─── Records
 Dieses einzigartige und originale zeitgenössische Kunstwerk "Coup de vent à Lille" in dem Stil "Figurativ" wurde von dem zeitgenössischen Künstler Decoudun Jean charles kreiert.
──────
─── Records
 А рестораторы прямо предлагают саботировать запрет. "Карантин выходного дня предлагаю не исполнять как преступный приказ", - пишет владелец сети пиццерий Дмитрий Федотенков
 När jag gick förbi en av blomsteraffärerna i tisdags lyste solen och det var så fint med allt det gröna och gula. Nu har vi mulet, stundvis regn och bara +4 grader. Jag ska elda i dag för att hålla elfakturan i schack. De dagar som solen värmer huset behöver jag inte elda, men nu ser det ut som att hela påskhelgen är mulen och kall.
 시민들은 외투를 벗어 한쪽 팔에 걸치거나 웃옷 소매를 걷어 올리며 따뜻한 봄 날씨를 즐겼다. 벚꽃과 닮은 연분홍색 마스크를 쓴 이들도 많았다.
──────
> **Task requirements**:
Using the entries above, extract exactly the span from the line with "När jag gick" to the line with "시민들은 외투를 벗어", both lines included; leave out everything else.

> **Result below**:
 När jag gick förbi en av blomsteraffärerna i tisdags lyste solen och det var så fint med allt det gröna och gula. Nu har vi mulet, stundvis regn och bara +4 grader. Jag ska elda i dag för att hålla elfakturan i schack. De dagar som solen värmer huset behöver jag inte elda, men nu ser det ut som att hela påskhelgen är mulen och kall.
 시민들은 외투를 벗어 한쪽 팔에 걸치거나 웃옷 소매를 걷어 올리며 따뜻한 봄 날씨를 즐겼다. 벚꽃과 닮은 연분홍색 마스크를 쓴 이들도 많았다.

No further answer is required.